→ Input material:
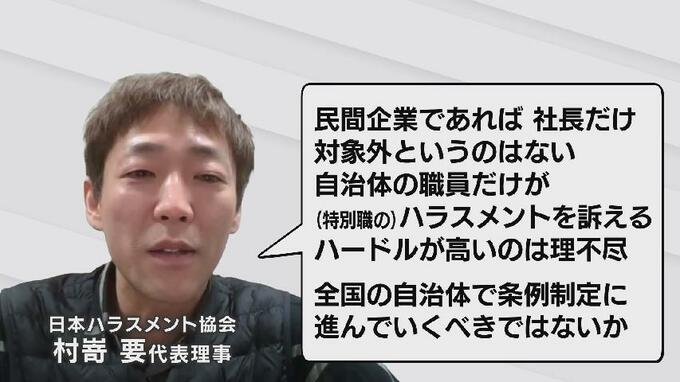 こうしたルール化の動きについて村嵜さんは「民間企業であれば社長だけ対象外というのはない。自治体の職員だけが(特別職の)ハラスメントの訴えをするハードルが高いのは理不尽」「全国の自治体で条例制定に進んでいくべきではないか」とコメントしています。
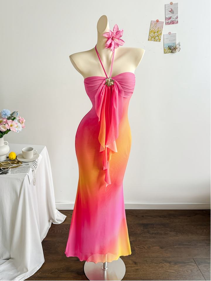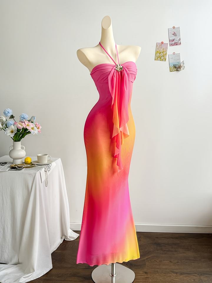 เดรสยาวทรงเข้ารูปสำหรับผู้หญิง สไตล์สตรีทแวร์ฤดูร้อน สีไล่ระดับ ผ้าตาข่าย แต่งระบายโบว์ที่คอ พร้อมดีเทลหัวเข็มขัดโลหะ
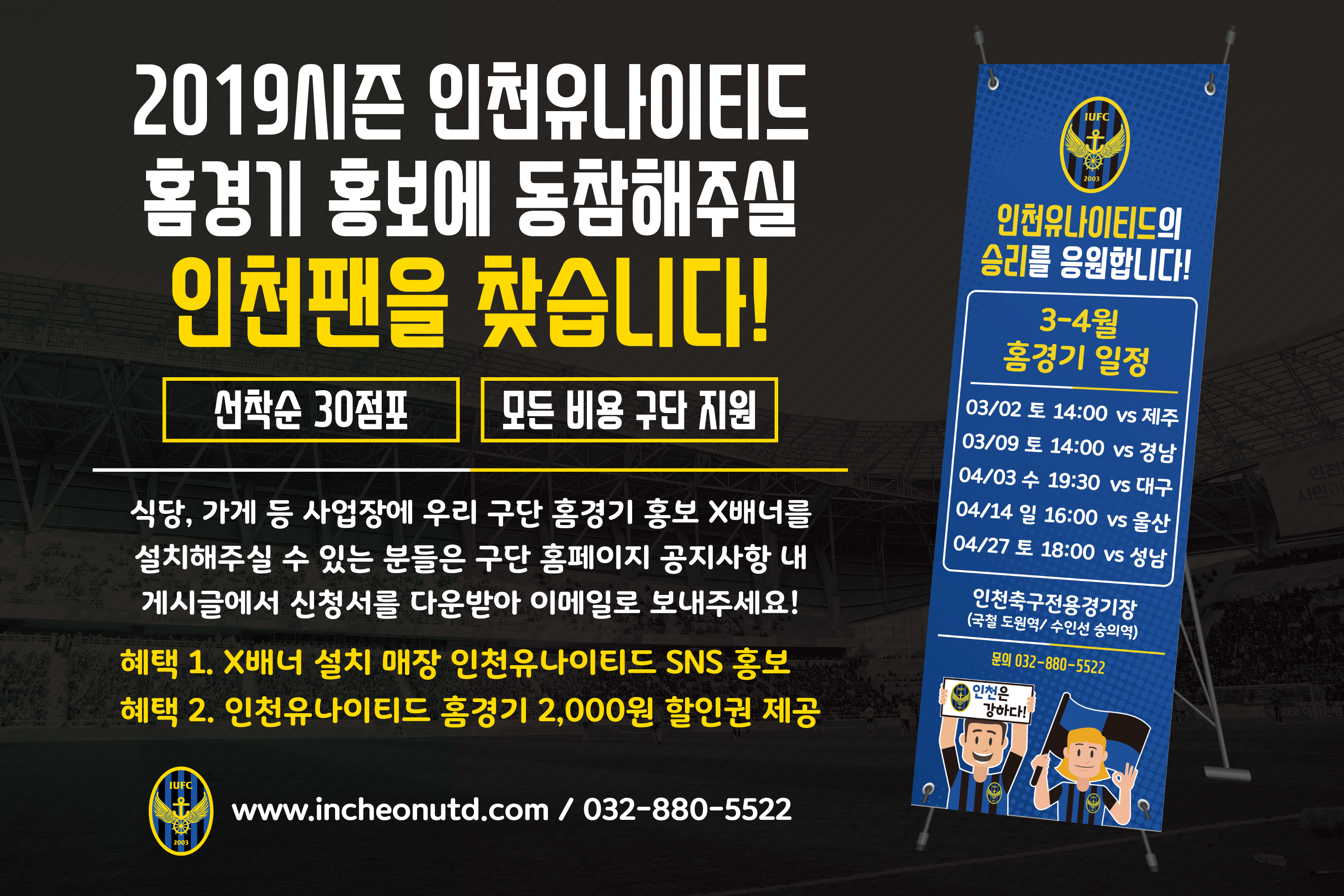 식당, 가게 등 개인 사업장에 2019시즌 인천유나이티드 홈경기 홍보 X배너 및 홈경기 일정 액자 설치, 홈경기 일정 명함 비치 등을 통해 연중으로 홈경기 홍보에 동참해주실 의향이 있으신 분들은 본 게시글 하단에 첨부된 신청서를 다운받아 작성해 구단 이메일로 보내주세요! (선착순 30점포 모집)
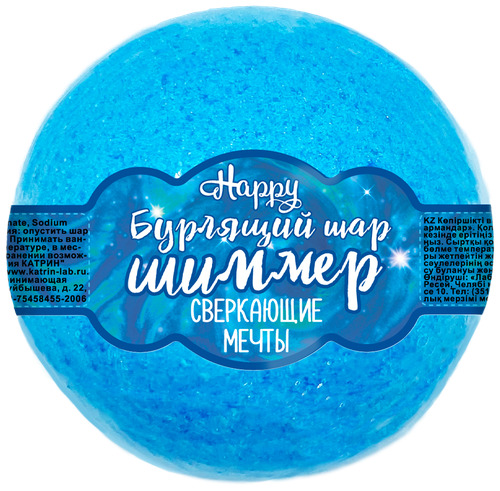 Бурлящий шар для ванн с шиммером Happy "Сверкающие мечты" 120 г (голубой)
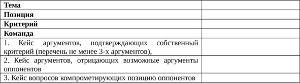 В результате подготовительного этапа у каждой из сторон должен быть набор соответствующих кейсов, представленных в виде таблицы СР 1.2.
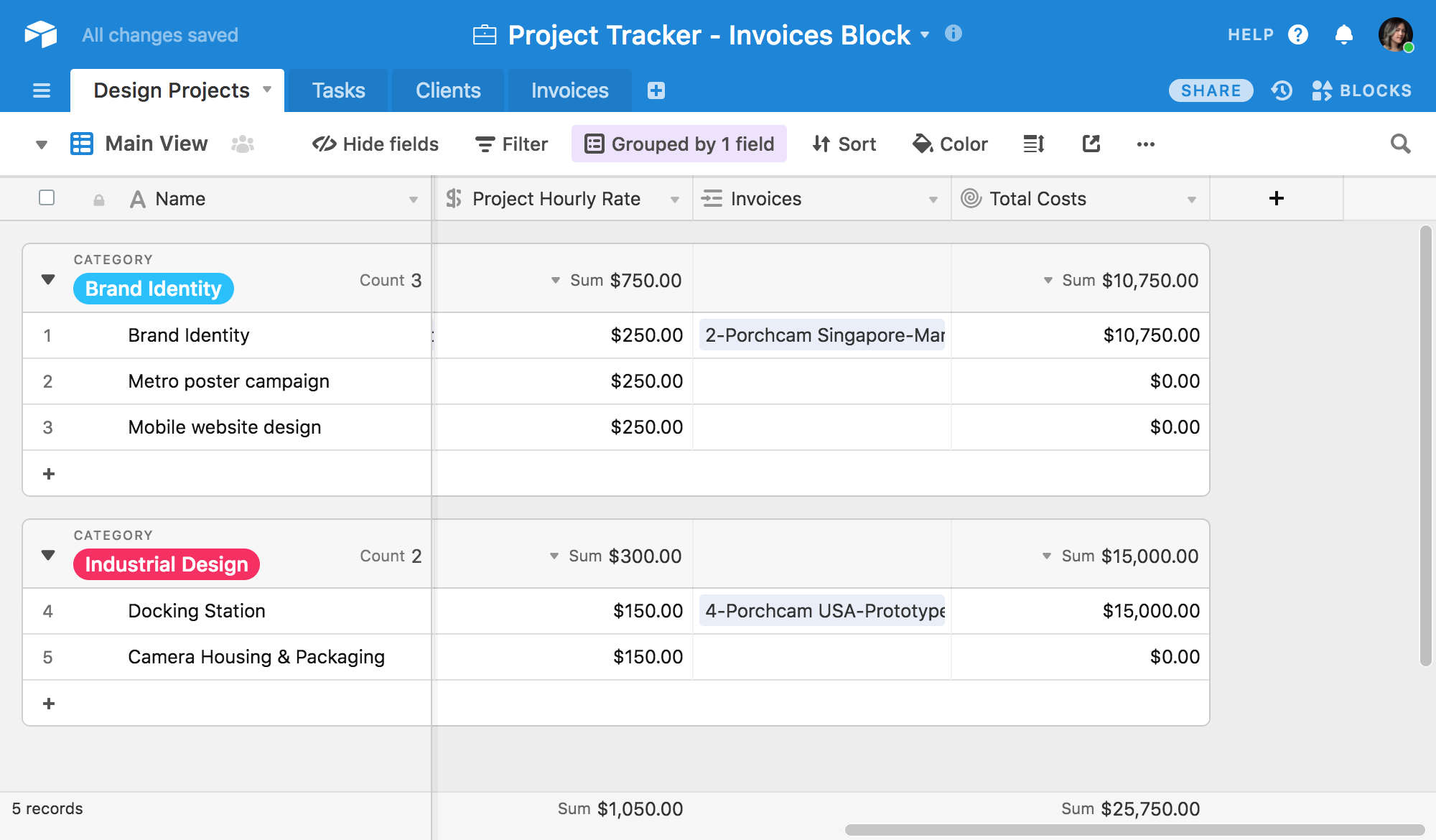 Project and task tracking are crucial for all businesses, so it's no surprise that the Project Tracker template is one of our most popular starting points for users building their own bases. We're going to modify the original Project Tracker template to add billing information fields to the records in the Clients table, hourly rate information to the records in the Projects table, and billable hours information to the records in the Tasks table. To link it all together, we'll create a new table for Invoice records, linked to one project, one client, and multiple tasks. As completed task records get added to an Invoice for billing, their costs will be calculated based on the rate and hours—and then, these completed tasks will be added as line items in the page designer invoice template.
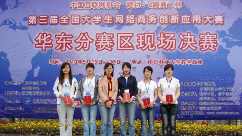 建行“e路通”杯第三届全国大学生网络商务创新应用大赛华东赛区现场决赛于5月17日在南京林业大学落下帷幕。经过紧张的角逐,我校信息技术学院电子商务专业丛俊、董晓静、罗琳琳同学组成的“E点”团队,和杨艳萍、韩立伟、孙爱梅、张华、吴宏宏同学组成的“我们e家”团队,分别获得华东赛区一等奖和二等奖。
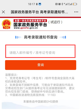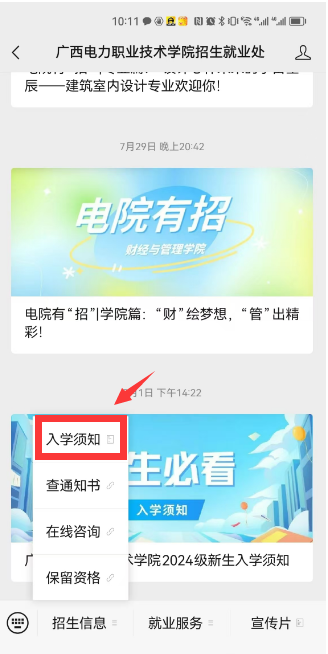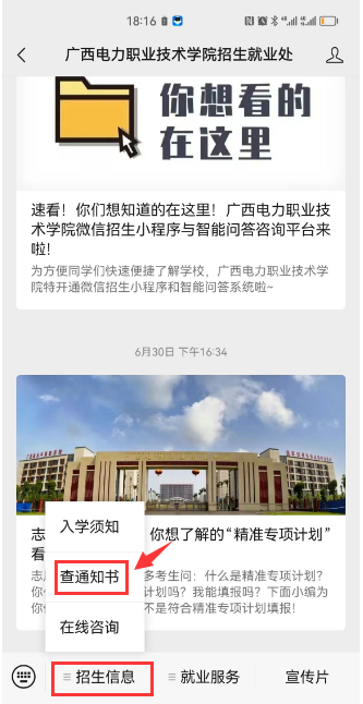 关注广西电力职业技术学院招生就业处微信公众号,从“招生信息”菜单栏的“查通知书”进入查询界面,输入准考证号或者考生号即可查询邮件信息。
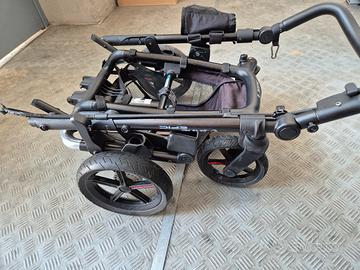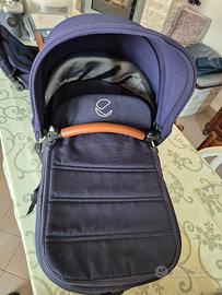 Pregio di questo passeggino è il freno al manubrio e possibilità grazie all'apertura di una cerniera di estendere capottina per proteggere neonato dal sole.
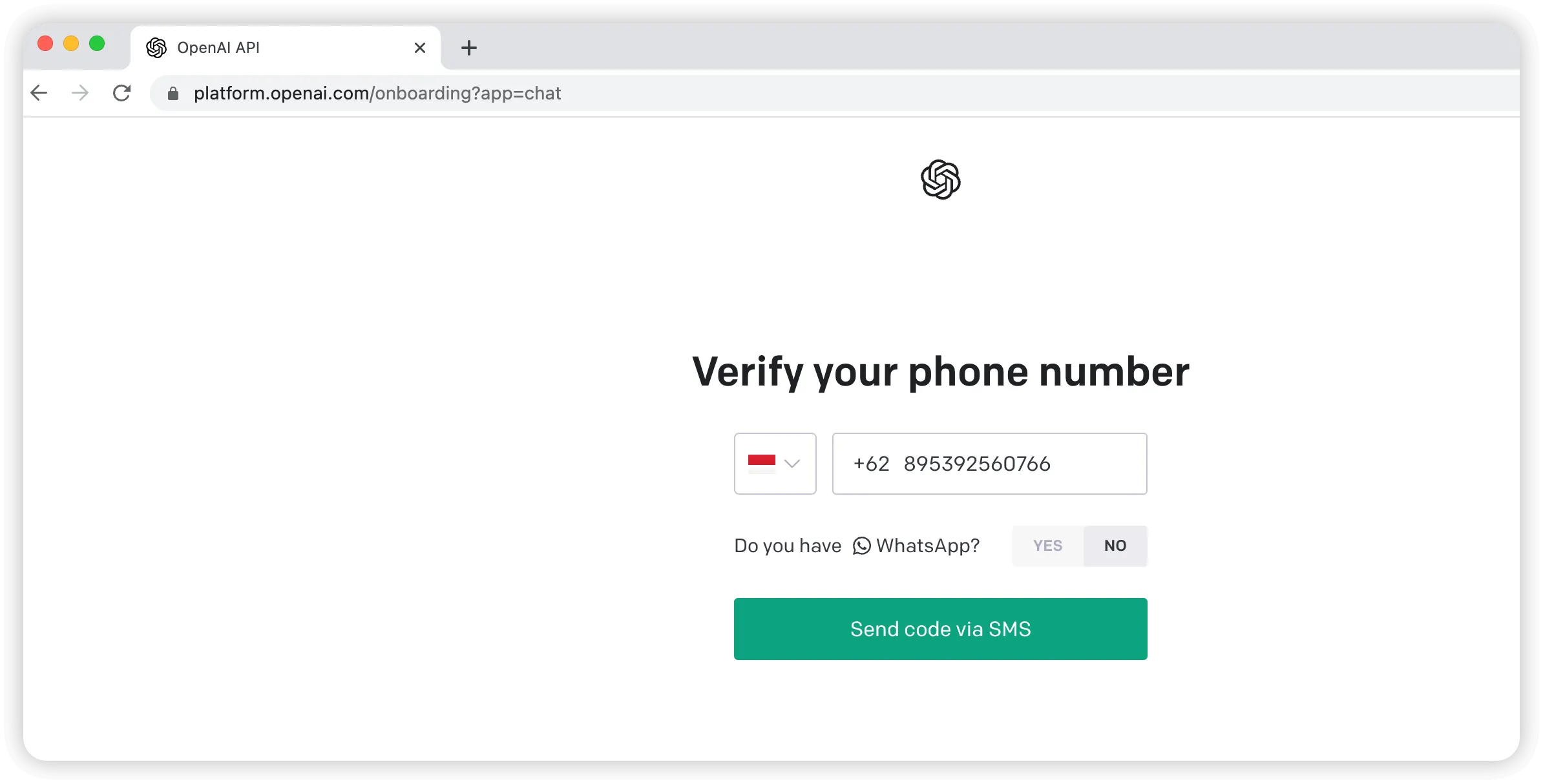 之后把这个验证码输入到 ChatGPT 页面即可完成短信验证.

→ What is needed: Leaving the pictures out, set down exactly the lines from the one with "Project and task" through the end of the records.

→ The completed task:
 Project and task tracking are crucial for all businesses, so it's no surprise that the Project Tracker template is one of our most popular starting points for users building their own bases. We're going to modify the original Project Tracker template to add billing information fields to the records in the Clients table, hourly rate information to the records in the Projects table, and billable hours information to the records in the Tasks table. To link it all together, we'll create a new table for Invoice records, linked to one project, one client, and multiple tasks. As completed task records get added to an Invoice for billing, their costs will be calculated based on the rate and hours—and then, these completed tasks will be added as line items in the page designer invoice template.
 建行“e路通”杯第三届全国大学生网络商务创新应用大赛华东赛区现场决赛于5月17日在南京林业大学落下帷幕。经过紧张的角逐,我校信息技术学院电子商务专业丛俊、董晓静、罗琳琳同学组成的“E点”团队,和杨艳萍、韩立伟、孙爱梅、张华、吴宏宏同学组成的“我们e家”团队,分别获得华东赛区一等奖和二等奖。
 关注广西电力职业技术学院招生就业处微信公众号,从“招生信息”菜单栏的“查通知书”进入查询界面,输入准考证号或者考生号即可查询邮件信息。
 Pregio di questo passeggino è il freno al manubrio e possibilità grazie all'apertura di una cerniera di estendere capottina per proteggere neonato dal sole.
 之后把这个验证码输入到 ChatGPT 页面即可完成短信验证.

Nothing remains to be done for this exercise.